Thyroid cancer cell lines
The human thyroid cancer cell lines were kindly provided by the following individuals: the thyroid adenoma cell line KAK-1 and the papillary cancer cell lines KAT-5 and KAT-10 were from Dr. K. B. Ain (University of Kentucky Medical Center, Lexington, KY); the follicular cancer cell line WRO-82 and the anaplastic cancer cell line ARO-81 were from Dr. G. J. F. Juillard (University of California Los Angeles School of Medicine, Los Angeles, CA). Cells were cultured in RPMI 1640 (Life Technologies, Inc., Carlsbad, CA) supplemented with 10% calf serum, 1 mM sodium pyruvate, 0.1 mM nonessential amino acids, and penicillin-streptomycin in 5% CO2. Cells were harvested at 75% confluence.
DNA extraction
DNA was extracted from frozen thyroid tissue and tissue culture cells by standard sodium dodecyl sulfate/proteinase K digestion followed by organic extraction and ethanol precipitation (46).
Sodium bisulfite treatment
One microgram of genomic DNA was denatured in 0.2 M NaOH for 10 min at 37 C. The denatured DNA was diluted in 550 µl of freshly prepared solution of 10 mM hydroquinone and 3 M sodium bisulfite, and incubated for 3 h at 50 C. After incubation, the DNA sample was desalted through a column (Wizard DNA Clean-Up System; Promega, Madison, WI), treated with 0.3 M NaOH for 10 min at room temperature, and precipitated with ethanol. The bisulfite-modified genomic DNA was resuspended in 120 µl of H2O and stored at 80 C.
Real-time QMSP analysis
Sequences for genes to be analyzed were then used to design gene-specific MSP primers using PrimerExpress (PerkinElmer Cetus, Boston, MA). The details of the design of methylation-specific primers for QMSP have been published elsewhere (7, 8, 47). Quantitative analysis of gene expression was performed in a 7700 Sequence detector (PerkinElmer Cetus), which uses the 5' nuclease activity of Taq DNA polymerase in a real-time quantitative PCR analysis assay. Briefly, oligonucleotide primers are designed to specifically amplify bisulfite-converted DNA of the gene of interest. Fluorogenic PCRs were carried out in triplicate in a reaction volume of 25 µl consisting of 600 nM of each primer, 200 nM of probe, 5 U of Taq polymerase, 200 µM each of dATP, dCTP, and dGTP, 400 µM of dTTP, and 5.5 mM MgCl2. Three microliters of treated DNA solution were used in each real-time MSP reaction. Amplifications were carried out in 384-well plates. Each plate consisted of patient samples and multiple water blanks, as well as positive and negative controls. Leukocytes from a healthy individual were methylated in vitro with excess SssI methyltransferase (New England Biolabs Inc., Beverly, MA) to generate completely methylated DNA, and serial dilutions of this DNA were used for constructing the calibration curves on each plate.
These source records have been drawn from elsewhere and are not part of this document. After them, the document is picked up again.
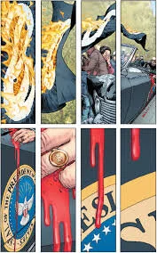 Huh--I never thought to try to read it backwards! If it makes sense at all, that's quite impressive. I can't imagine even Morrison trying so hard to make it read well backwards and forwards, but who knows? Still, even if it is possible, I would guess that reading it in page order is still the best way to get the effect. After all, if watch the bullet hit the president and see his jaw fall apart, that's just excessive attention to bloody violence. But watching it backwards (i.e.., in the order presented on the page) is something entirely different. Thanks, Anish!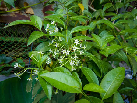 Stephanotis or Madagascar jasmine blooming with withe odorous flowers
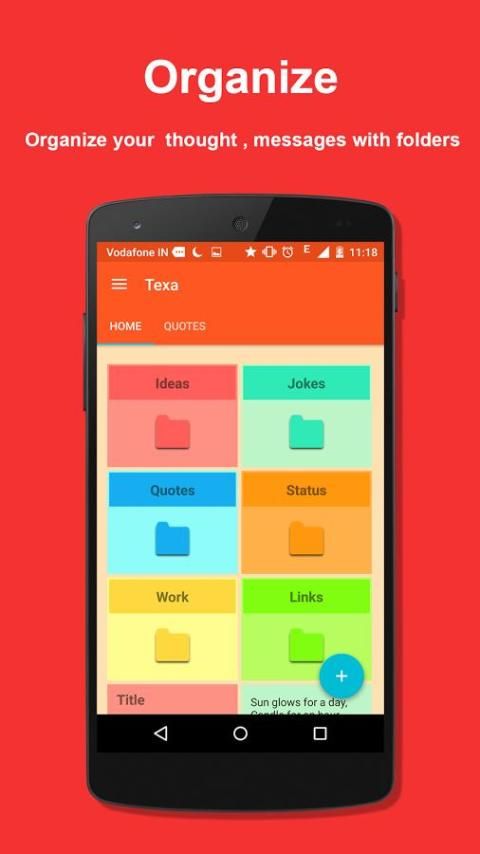 Some India application are update now! 20,000+ users downloaded Texa : Quick Text Saver latest version on 9Apps for free every week! It is the app that defined the best for a generation. This hot app was released on 2015-11-22. You can free download it from 9Apps.
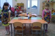 Мы дежурные сегодняСтанем няне помогатьАккуратно и красивоВсе столы сервировать -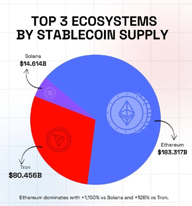 #Ethereum контролирует более 183 миллиардов долларов США в объеме предложения стейблкоинов, опережая #Tron на +128% и #Solana на колоссальные +1150%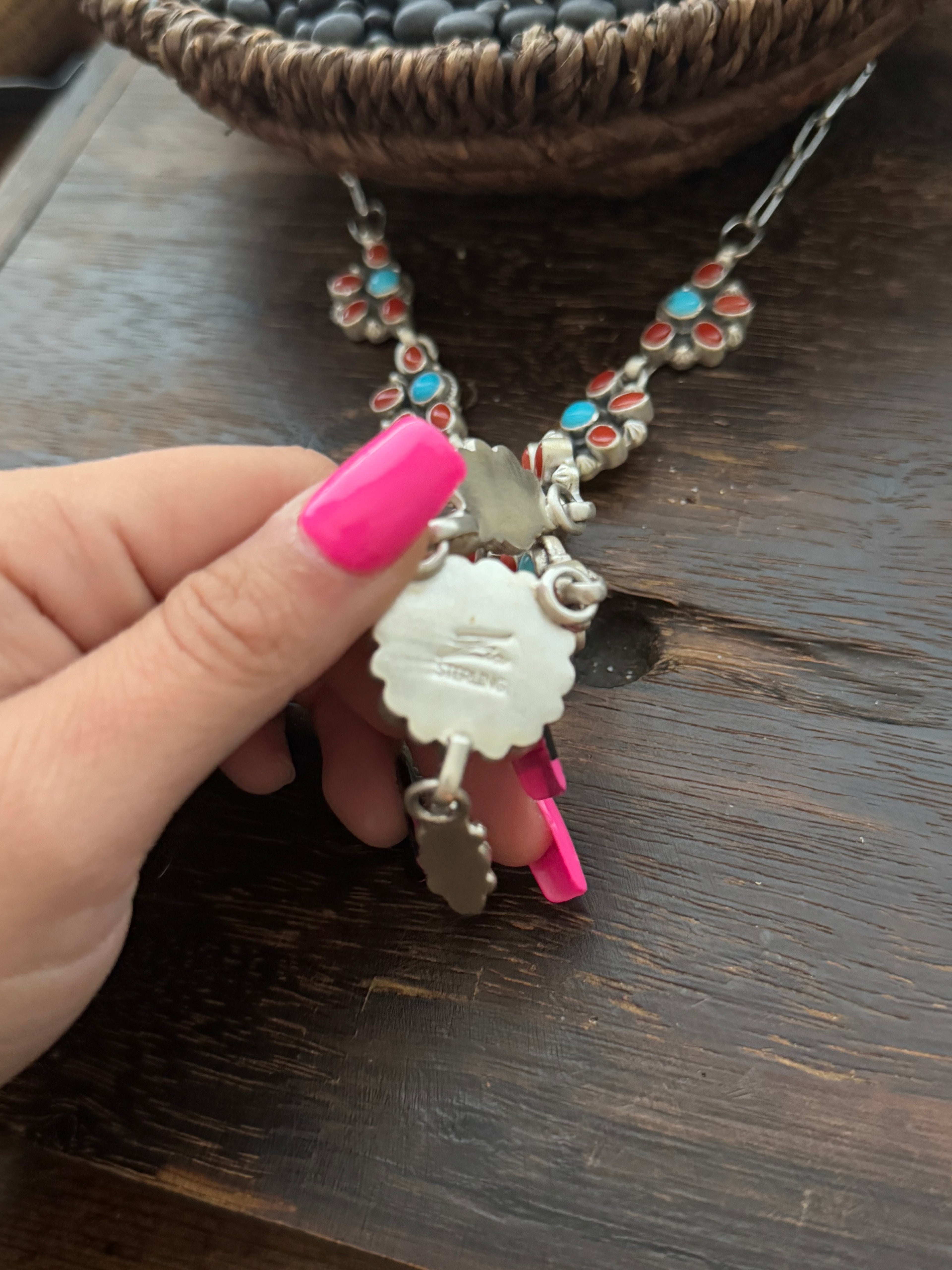 Navajo Made Multi Stone & Sterling Silver Necklace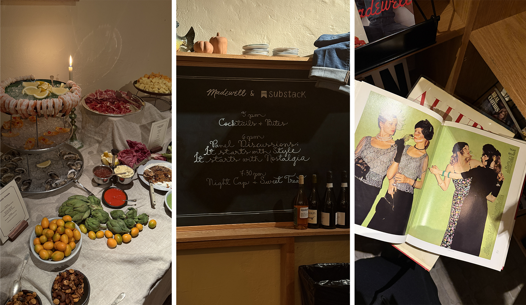 Boy, have they nailed their target audience! In addition to drinks and a gorgeous grazing station, they’ve created a curated Style Library of books and vintage magazines that we can each pick something from. I leave with Helmut Newton’s Pages From The Glossies.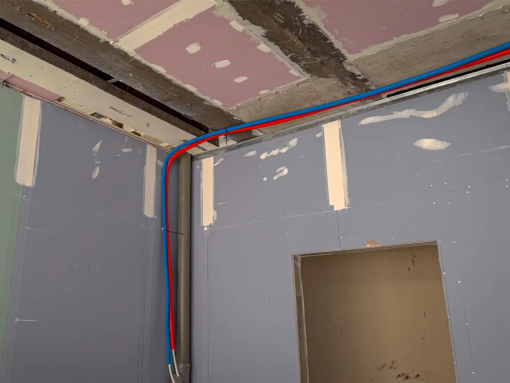 Plumbing teams are actively installing soil vent pipes on all floors, advancing the main vertical drainage routes required for the new apartments. These essential services are being coordinated closely with other trades to keep the wider mechanical programme on track. - Electricians first fixing on levels 2 and 3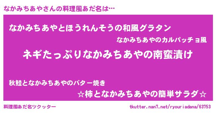 | 恥ずかしいあだ名 | 『プリティーなかみちあや』『なかちん』 |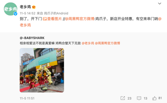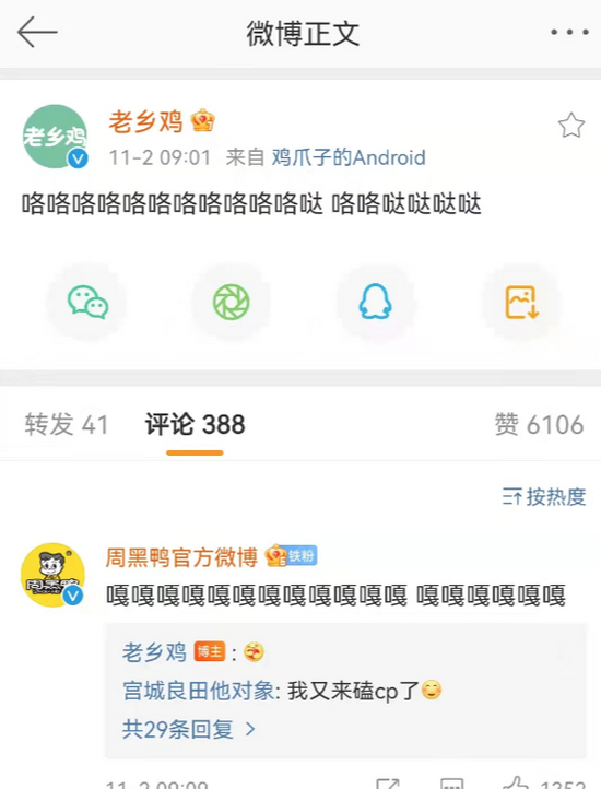 微博评论下大批网友表示想辞职去老乡鸡上班,并且在“咯咯哒”的微博下面引来了一众食品企业慕名而来的评论,周黑鸭在老乡鸡微博下方留言“嘎嘎嘎嘎嘎”,五州牛肉留言“哞哞哞哞哞”,卫龙留言“嗷嗷嗷嗷嗷嗷”,评论区异常热闹。

For the internal reference gene, ß-actin, the primers and probe were designed to amplify a region that is devoid of CpG nucleotides (Table 1
). This allowed amplification independent of its methylation status, whereas the amplification of the gene of interest was proportional to the degree of CpG methylation. The methylation ratio was defined as the ratio of the fluorescence emission intensity values for the gene-specific PCR products to those of the ß-actin. QMSP assays were performed for the following genes: Rassf1A, TSHR, RAR-ß2, DAPK, S100A2, p16, CDH1, CALCA, TIMP3, TGF-ß, and GSTpi, using ß-actin (ACTB) as internal load control.
BRAF mutation analysis
Tumor samples and controls were analyzed for the thymine (T)-adenine (A) missense mutation at nucleotide 1796 in the BRAF gene as described (48). Briefly, PCR primer sequences were designed to amplify a 102-bp fragment of exon 15. PCR amplification was performed using 100 ng of genomic DNA as template. Analysis of the PCR products was performed using the colorimetric Mutector assay (TrimGen, Sparks, MD). A detection primer was designed that does not permit primer extension when the target base is wild-type. When the target base is mutated, primer extension continues and a color reaction is observed. Ten microliters of PCR products were used as a template for the detection assay, which was performed according to the manufacturers instructions. The melanoma cell line HTB 72 was used as positive control for the BRAF T1796A mutation, and the cervical cancer cell line ME180, known to be wild-type for BRAF at T1796, served as a negative control (48).
Statistical analysis
Nonparametric tests were used for univariate and multivariate analyses because of the significantly skewed distribution of the QMSP ratios. The Wilcoxon rank sum test was used to compare groups; P values under 0.05 for the
2 test statistic were considered significant. Correlations between markers were analyzed using Spearmans
correlation coefficient. Diagnostic threshold analyses were performed using receiver operating characteristic curves. All statistical tests were performed using the JMP statistical package (SAS Institute, Cary, NC) on a Macintosh microcomputer.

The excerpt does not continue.